Minchenden School

The Observatory

by Geoff Ross (Minchenden 1950-1957), ex-Secretary of the school astronomical society and current member of the Société Astronomique de France. Paris, November 23 2019.

Prologue and Introduction
Though many public schools have acquired a school observatory (for example, schools such as Stonyhurst, where, in 1948, the school took over what had formerly been an independent organization and the Temple Observatory at Rugby, opened in 1878), it is far less common to find a state school that has such a facility, still less one that was built by members of the school with little outside help.
Such is, nonetheless, the case of the Minchenden Observatory (opened in June 1936), an all-wooden structural masterpiece fitted with a rotating dome, complete with shuttered aperture, perched on top of an old brick wall which had formerly enclosed the fruit and vegetable garden of Southgate House
The Minchenden Observatory owes its existence to the brilliant vision and firm determination of one man, Dr. William Cameron Walker (1896-1978), a chemistry graduate who was subsequently elected a fellow of the Royal Institute of Chemistry (FRIC) and who came to Minchenden as its science master in the early days after its transfer from Tottenhall Road to Southgate House.

But even Cameron Walker’s vision and determination, alone, were not enough. At around the time of his arrival, there occurred (on April 29 1927) an historic event : the  first total eclipse of the Sun visible from the British mainland soil in 203 years ! This naturally caused great interest both amongst the general public and the pupils at Minchenden, some of whom were lucky enough to join a school trip to view the eclipse at Southport on Merseyside.

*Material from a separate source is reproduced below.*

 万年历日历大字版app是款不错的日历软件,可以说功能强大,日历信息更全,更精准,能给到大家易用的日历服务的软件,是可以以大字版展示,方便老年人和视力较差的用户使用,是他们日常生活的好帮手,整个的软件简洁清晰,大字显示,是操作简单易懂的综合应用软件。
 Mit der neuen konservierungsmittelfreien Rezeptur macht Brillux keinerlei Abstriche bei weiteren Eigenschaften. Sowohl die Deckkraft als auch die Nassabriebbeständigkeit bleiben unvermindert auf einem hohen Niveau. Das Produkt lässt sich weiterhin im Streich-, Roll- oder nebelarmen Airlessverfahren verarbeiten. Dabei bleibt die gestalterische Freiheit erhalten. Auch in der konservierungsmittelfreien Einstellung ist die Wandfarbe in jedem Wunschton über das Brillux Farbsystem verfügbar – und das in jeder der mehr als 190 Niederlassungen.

Then, two years later in 1929, Dr. Edwin Hubble working at the Carnegie Observatories in Pasadena, California made a groundbreaking discovery  that finally confirmed previous unproven and theoretical predictions derived from Einstein’s Theory of Relativity: the universe, far from being static and unchanging, was actually in constant expansion.

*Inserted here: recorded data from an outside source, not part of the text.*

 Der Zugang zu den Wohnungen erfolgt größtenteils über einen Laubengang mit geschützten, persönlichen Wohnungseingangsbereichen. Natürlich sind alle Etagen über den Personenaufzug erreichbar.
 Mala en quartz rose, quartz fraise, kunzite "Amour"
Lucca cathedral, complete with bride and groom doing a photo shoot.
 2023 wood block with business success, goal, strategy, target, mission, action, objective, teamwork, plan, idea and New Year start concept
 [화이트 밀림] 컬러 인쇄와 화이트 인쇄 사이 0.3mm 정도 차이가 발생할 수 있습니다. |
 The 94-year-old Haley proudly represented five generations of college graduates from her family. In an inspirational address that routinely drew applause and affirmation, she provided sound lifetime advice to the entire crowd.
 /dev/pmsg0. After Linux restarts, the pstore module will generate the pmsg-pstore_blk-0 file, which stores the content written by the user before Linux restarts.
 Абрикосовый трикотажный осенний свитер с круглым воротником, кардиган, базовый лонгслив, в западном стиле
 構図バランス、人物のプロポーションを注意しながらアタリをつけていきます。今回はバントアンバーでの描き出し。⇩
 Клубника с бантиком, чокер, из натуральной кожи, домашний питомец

This discovery, coming, as it did, close on the heels of the historic 1927 total solar eclipse, generated considerable excitement and led to a growing interest in astronomy amongst Minchenden pupils in the early 1930s leading in turn, very naturally, to visits to various astronomical observatories and then to Minchenden’s affiliation to the British Astronomical Association (the BAA)
That affiliation also turned out to be a very important factor in the building of the school observatory. Queen Victoria’s husband Prince Albert had had a lively interest in the Arts and Sciences and possessed a 5¼ inch refracting telescope which he used at Osborne House, the royal couple’s palatial summer residence on the Isle of Wight.  After Queen Victoria’ death in 1901 Osborne became surplus to royal requirements and was given to the State by King Edward VII, with a few rooms being retained as a private museum to Queen Victoria. Then, finally, in the reign of his successor King George V, Prince Albert’s 5¼ inch refractor was given by the King to the British Astronomical Society, who in turn voted to give it to Minchenden on a permanent loan basis
Such was the unique and favourable conjunction of factors, (together with the simultaneous presence, at that time, of Cameron Walker and an extremely talented Handicrafts master) that led to the construction of the Minchenden School Observatory.

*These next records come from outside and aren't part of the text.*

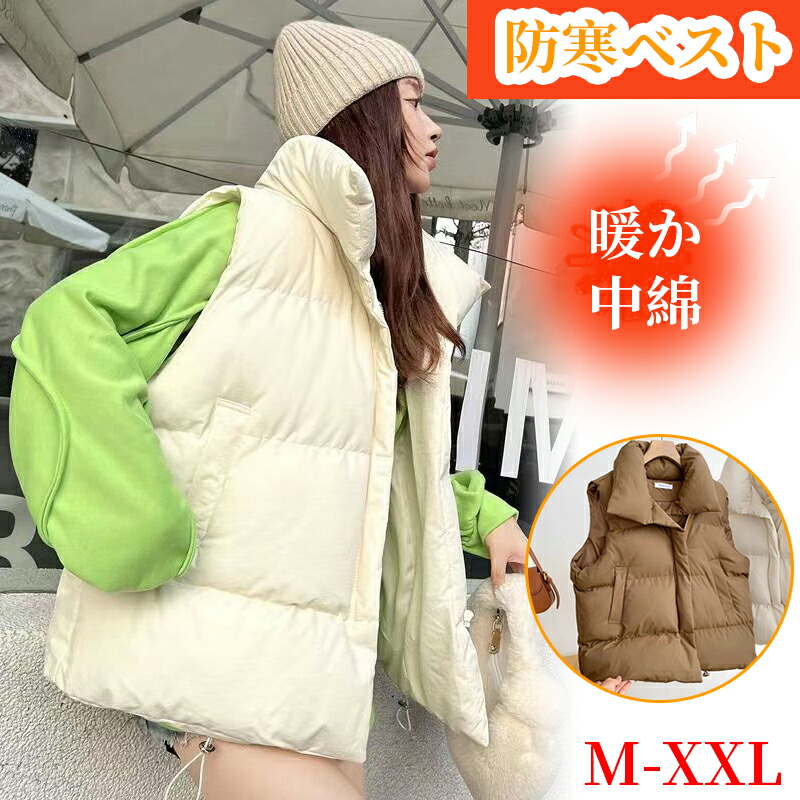 【送料無料】あったか 冬ベスト ストリート ゆったり 中綿入り 防寒対策 ベストジャケット ダウン風 ハイネック 通勤 普段着 ブラック ホワイト カーキ 2
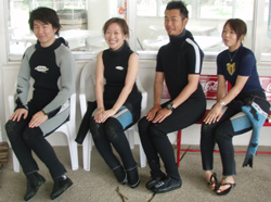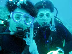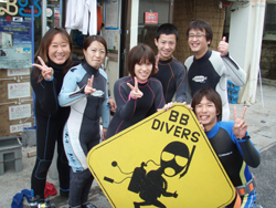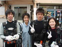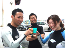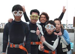 チーーームOW一本背負い!!を結成して三日目!見事に新しいダイバーがココに誕生しました!!メンバーは待つことが出来ないトオルさん!いつでも一本背負いができるユカリン!!初日はドキドキしながらスクーバ呼吸をしたり、マスクの水を抜いたりしましたね!二日目はほとんどスキルは問題がなかったのですが・・・。お勉強の時に苦戦!!していたのがトオルさんでしたね(笑)。それでも二人とも高得点で一発合格!最終日の今日は砂辺でスキルの最終調整をして二本目は洞窟を狙いに真栄田岬にいってきました!ん〜透明度も最高で二人の合格を祝ってるようです・・・。が・・。二人に実技最終テストが待っていました(笑)。トオルさんはマスククリア!ユカリンはレギュレータリカバリー!見事に二人とも合格しました!!おめでとぅぅーー!トオルさんは明日からAOWコース!楽しみにして潜ってくださいね!ユカリンは三日間よく頑張りました!これからたくさん潜っていい思い出をいっぱい作ってね!!またいつでも遊びにきてねーーーー! |
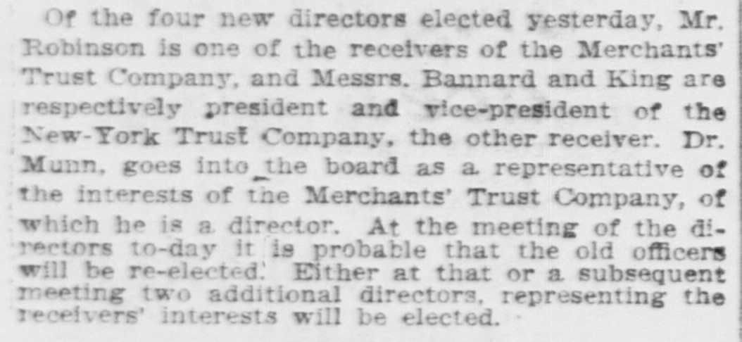 Of the four new directors elected yesterday, Mr. Robinson is one of the receivers of the Merchants' Trust Company, and Messrs. Bannard and King are respectively president and vice-president of the New-York Trust Company, the other receiver. Dr. Munn, goes into the board as a representative of the interests of the Merchants' Trust Company, of which he is a. director. At the meeting of the directors to-day It is probable that the old officers will be re-elected.' Either at that or a. subsequent meeting two additional directors, representing the receivers' interests will be elected.
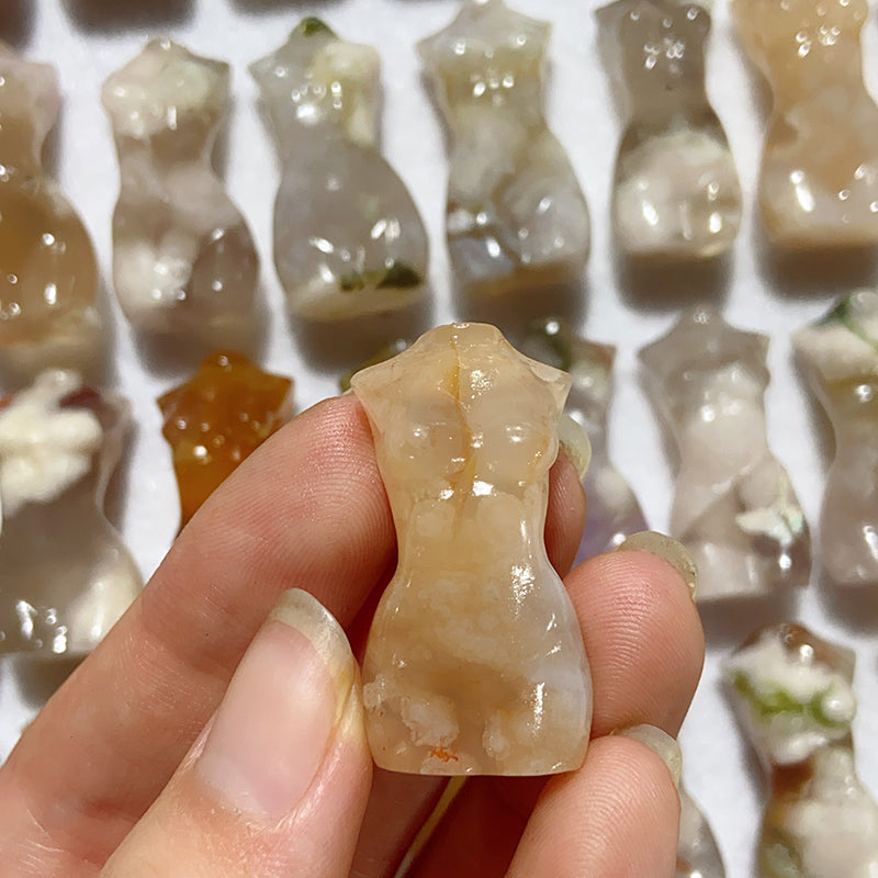 Natural Flower Agate Lady Body Carvings

A brief history of the Observatory
The history of the Minchenden’s  Observatory dates back 86 years to 1934 when pupils began to build the all-wooden structural masterpiece fitted with a rotating dome, complete with shuttered aperture, perched solidly but somewhat precariously on top of its brick wall
As we have said, the brick enclosing wall was a vestige of the old fruit and vegetable garden of Southgate House which had been converted ten years earlier into an asphalted playground (todays tennis hard courts) one or two years after the school began using the grounds for sports and the year before Minchenden formally moved, in the summer term of 1925, from Tottenhall Road to Southgate House

Throughout the early 1930s, (following an earlier school trip to Southport in April 29 1927 to view a total eclipse of the Sun    -   the first visible from British mainland soil for 203 years !), there had been an interest in astronomy amongst school pupils, encouraged by Dr. Cameron Walker and  which further increased with the brilliant experimental discovery of the expansion of the universe, in 1929 by Dr. Edwin Hubble working at the Carnegie Observatories in Pasadena, California
This growing interest led very naturally to visits to various astronomical observatories and then to Minchenden’s affiliation to the British Astronomical Association (the BAA)
Finally,  in 1934, an important decision was taken to build a school astronomical observatory . The brick enclosing wall of the asphalted former fruit and vegetable garden was chosen as a suitably elevated and isolated site by the then science master Dr. William Cameron Walker and it was he who supervised its construction by a group of boys working together with the school’s handicrafts master

The immediate motivation for the construction of this observatory was, probably, the decision by the British Astronomical Association  to place at the school’s disposal Prince Albert’s magnificent 5¼ inch refracting telescope, which, of course required that it be housed in a suitable building.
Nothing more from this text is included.